Dive Brief:
- Roche will withdraw its cancer immunotherapy Tecentriq for use treating people with bladder cancer whose disease has progressed after chemotherapy. The decision was disclosed Monday as part of a Food and Drug Administration review of drugs that won accelerated approval based on small studies that were later contradicted by larger trials.
- The FDA cleared Tecentriq for this use in 2016, the drug's first-ever approval, based on data showing it shrank tumors and helped patients achieve remission in a trial run without a placebo comparison. A later trial required by the agency to confirm Tecentriq's benefit failed to show treatment helped patients live longer.
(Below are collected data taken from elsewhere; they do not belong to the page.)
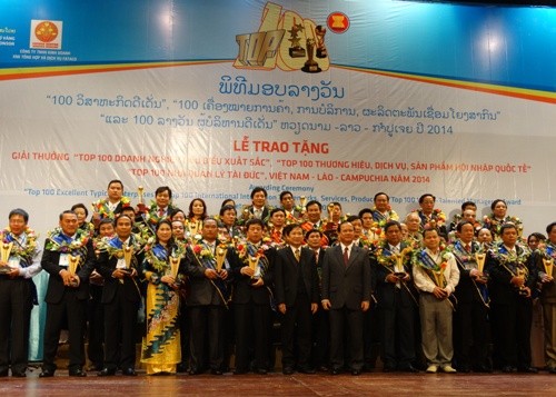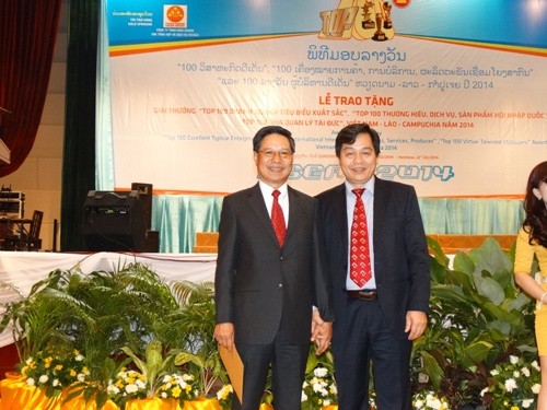TS.Trần Đức Quý và ông Namvi Yaked - Bộ trưởng Bộ Công thương Lào tại lễ trao tặng giải thưởng Top 100 Nhà quản lý tài đức Lào - Việt Nam - Campuchia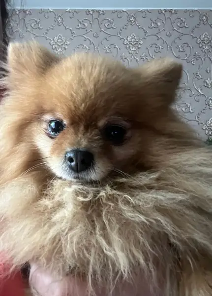 Есть такая информация,что находится у женщины в квартире,на 50 лет Октября или на Олимпийской. Вчера днем не вернулся домой.Приметы Рыжий шпиц,на груди белая отметина на нем бирюзовая мягкая шлейка с медальном на груди в виде лапки.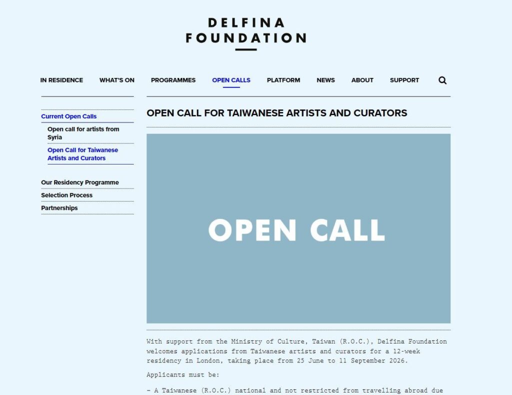 【記者蔡富丞/綜合報導】文化部駐英國代表處文化組持續與倫敦重要駐村機構戴芬娜基金會(Delfina Foundation)合作,今年將徵選1名臺灣藝術家或策展人進駐,展開為期12週的駐村計畫,時間為今年6月25日至9月11日,期以促進我國新銳藝術人才發展創作及國際連結經驗。

- Roche's decision follows withdrawals of AstraZeneca's similarly acting drug Imfinzi in bladder cancer as well as Merck & Co.'s Keytruda and Bristol Myers Squibb's Opdivo in a type of lung cancer for similar reasons. The FDA uses accelerated approvals to speed treatments for serious diseases, but until now its track record in pushing for the withdrawal of drugs that failed confirmatory studies has been mixed.
Dive Insight:
Tecentriq was the fourth drug approved that worked by blocking a "checkpoint" protein that helps tumor cells evade destruction by the immune system. The first three, Keytruda and Bristol Myers Squibb's Opdivo and Yervoy, were first targeted at melanoma, a disease known to resist immune response, so Roche's strategy of going after bladder cancer instead represented a different direction.
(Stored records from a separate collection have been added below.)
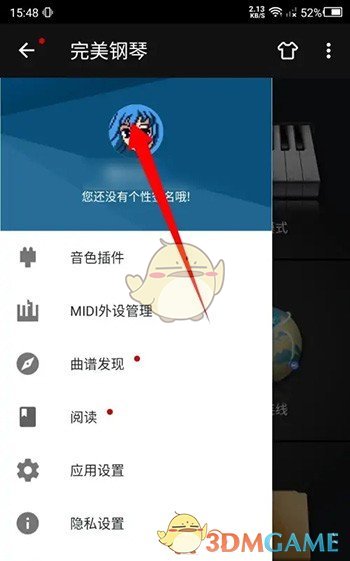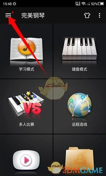 1、在完美钢琴软件内点击左上角的三横图标。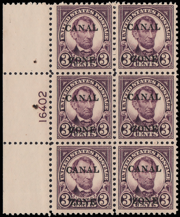 1814 nhbl 85 var. image1925, 3¢ Lincoln, sharp "A", "CANAL" in wrong font (Scott 85 var.), the lower left stamp in a left plate no. 16402 block of 6 with full selvage, o.g., never hinged (!), Very Fine.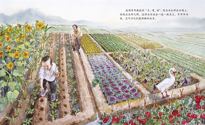 这是一本亲近孩子视角的、富有温情和童趣的图画书。故事讲述了祖孙二人一起播种耕作的田园生活,“我”和爷爷、乡村动植物们相互陪伴成长的故事。故事刻画了儿童参与劳动的真实体验,同时也反映了万物生长自有其时、生命盛衰更替的规律,以及寓教于乐、寓教于行的朴素教育传统。故事简单易懂,语言平实温暖,画面真实感人。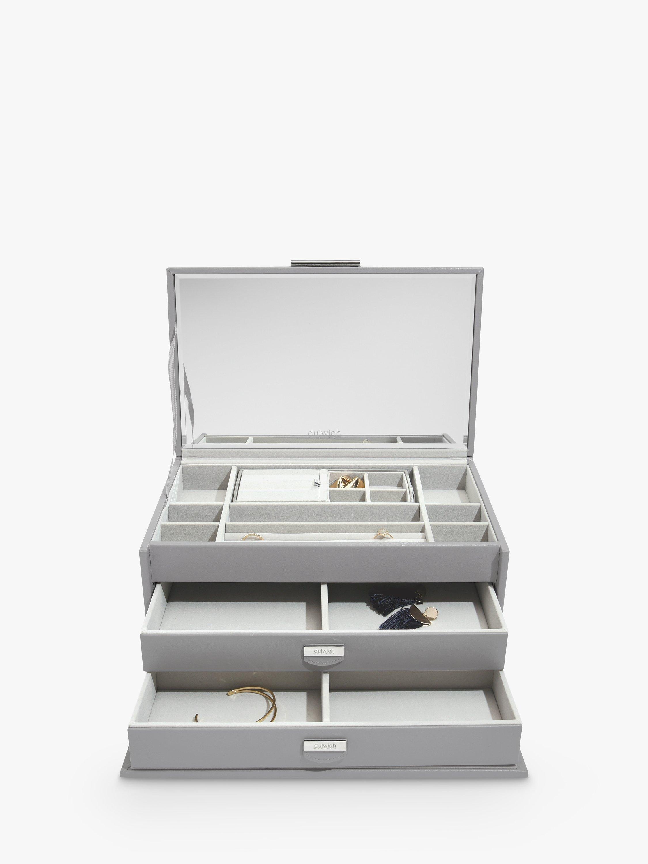 Beautifully crafted with a smooth premium bonded leather and lined with soft grey velvet, this jewellery box features a full-size bevelled mirror beneath the lid and has two drawers for additional storage space.

The drug has since gained approval in melanoma and lung, breast, and liver cancer, none of which are affected by Monday's decision. In 2020, Tecentriq had sales of 2.7 billion Swiss francs, or nearly $3 billion.
When the FDA approved Tecentriq, the agency required Roche conduct a trial comparing Tecentriq to chemotherapy in second-line bladder cancer. That trial, called IMVigor211, failed to show Roche's drug helped patients live longer.
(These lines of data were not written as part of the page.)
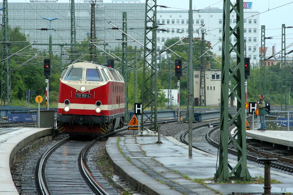 119 158 am 02.07.2011 auf Gleis 4 in Halle/S. Hbf kurz vor Übernahme des Historischen Schnellzuges und des Traditionszuges vom Traditionszug Berlin e.V., die von hier aus als Zugverband nach Berlin rollten (leider bei strömendem Regen!)
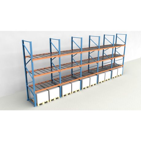 Das Palettenregal von NEDCON Lagertechnik hat Abmessungen von 2.500x9725x1.100 mm (HxBxT) und verfügt über 4 Lagerebenen. Jedes Regalfeld ist mit 3 Traversenebenen ausgestattet und kann je Ebene mit bis zu 3.800 kg (1900 kg je Europalette) belastet werden. Die maximale Feldlast beträgt 12.000 kg und darf niemals überschritten werden. Die lichte Fachhöhe zwischen den einzelnen Ebenen beträgt 500 mm. Die Palettenregal Traversenebenen sind mit Gitterböden vom Typ MantaMESH in der 750 kg Variante (je Palettenplatz) ausgestattet.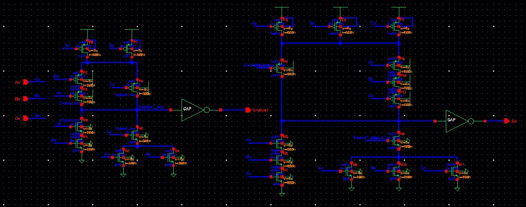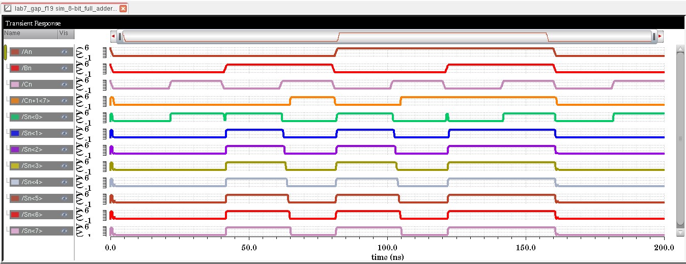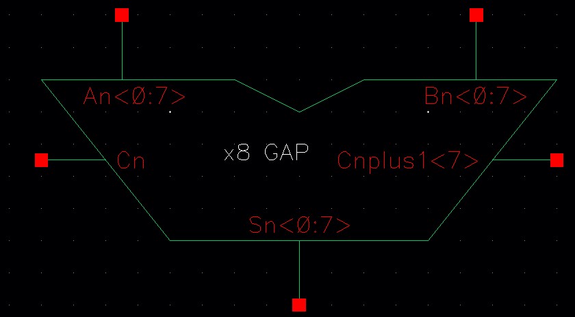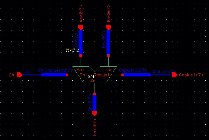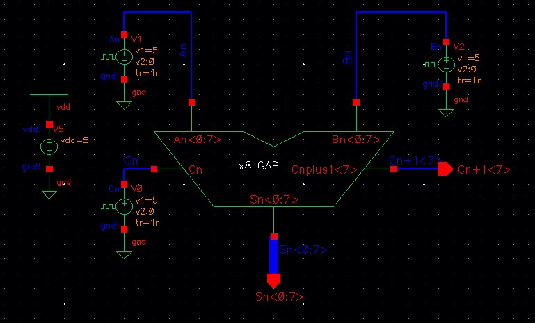 In the above schematic, when A or B are high or low they will have an 8-bit value such as '1111 1111' and '0000 0000', When Cn is high, we can see that the sum (Sn<0:7>) is '0000 0001'. And when A or B are high and nothing else, the sum is '1111 1111'. Then when A and Cn are high or B and Cn are high, the sum is then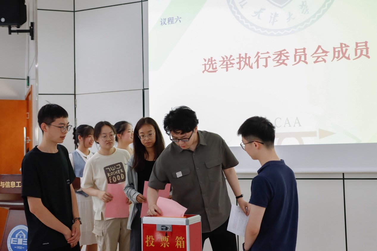 秉承公平、公正、公开的原则,大会组织中国自动化学会学生代表投票选举中国自动化学会天津大学学生分会执行委员会成员。统票结束后,总监票人宣读选举结果,院长谭超教授公布中国自动化学会天津大学学生分会指导委员会和第一届执行委员会名单。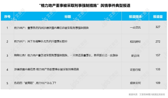 “格力地產董事被采取刑事強制措施”輿情事件典型報道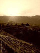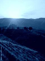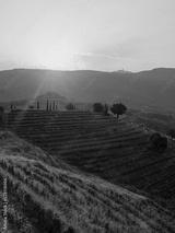 Magnificent terraced vineyards illuminated with golden sunrise on autumn morning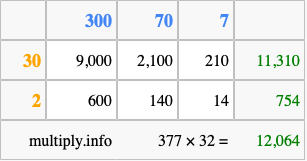 Below is an illustration showing you how to calculate 377 times 32 using the box method, using the instructions above.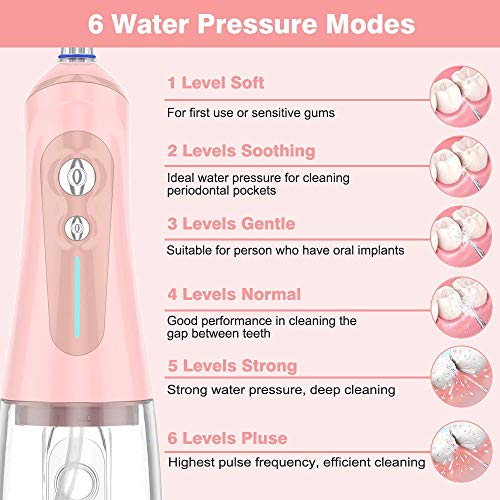 - ? 5 Modos de Limpieza ?: Este irrigador dental tiene 5 niveles de presión ajustables, presión del agua: 30 a 110 psi. Otros productos tienen solo 3 modos, ofrecemos 5 modos para elegir, que pueden cuidar su diente con cuidado. Muy recomendado por dentistas y ortodoncistas, adecuado para todo tipo de personas.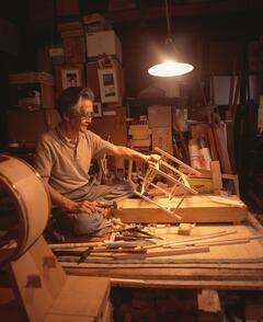 大正15年生まれ。父は風呂桶職人、祖父は船大工。家業の「三浦風呂製作所」を継ぐが、需要減もありミニチュア制作を始める。昭和56年(1981)、辻村寿三郎氏が花魁人形を手がける「吉原」展の妓楼製作を引受け、大反響となる。以後、各地の展覧会に作品を出品。令和元年(2019)6月永眠。享年92歳。

The FDA also agreed to another confirmatory trial called IMVigor130, which pairs Tecentriq with chemotherapy, to support full approval. That study of newly diagnosed patients showed the combination therapy helped newly diagnosed patients live significantly longer without disease progression than chemotherapy alone — 8.2 months versus 6.3 months.
Roche said a factor in its decision to withdraw, however, is the "emergence of new treatment options." Keytruda has since been shown to extend survival in bladder cancer patients who have progressed after chemotherapy, and it's also used in newly diagnosed patients who can't receive chemotherapy.
The FDA's Oncology Center of Excellence, a key review division within the agency, is engaged in an "industry-wide evaluation" of cancer-related accelerated approvals, a spokesperson confirmed to BioPharma Dive. The agency also "regularly monitors the status of drugs approved through the accelerated approval pathway."
The accelerated approval pathway has proven controversial because follow-up studies often aren't completed or are slow to deliver data. Even when the follow-up data are negative, drugmakers don't always withdraw drugs quickly. IMVigor211's negative results, for example, came nearly four years ago.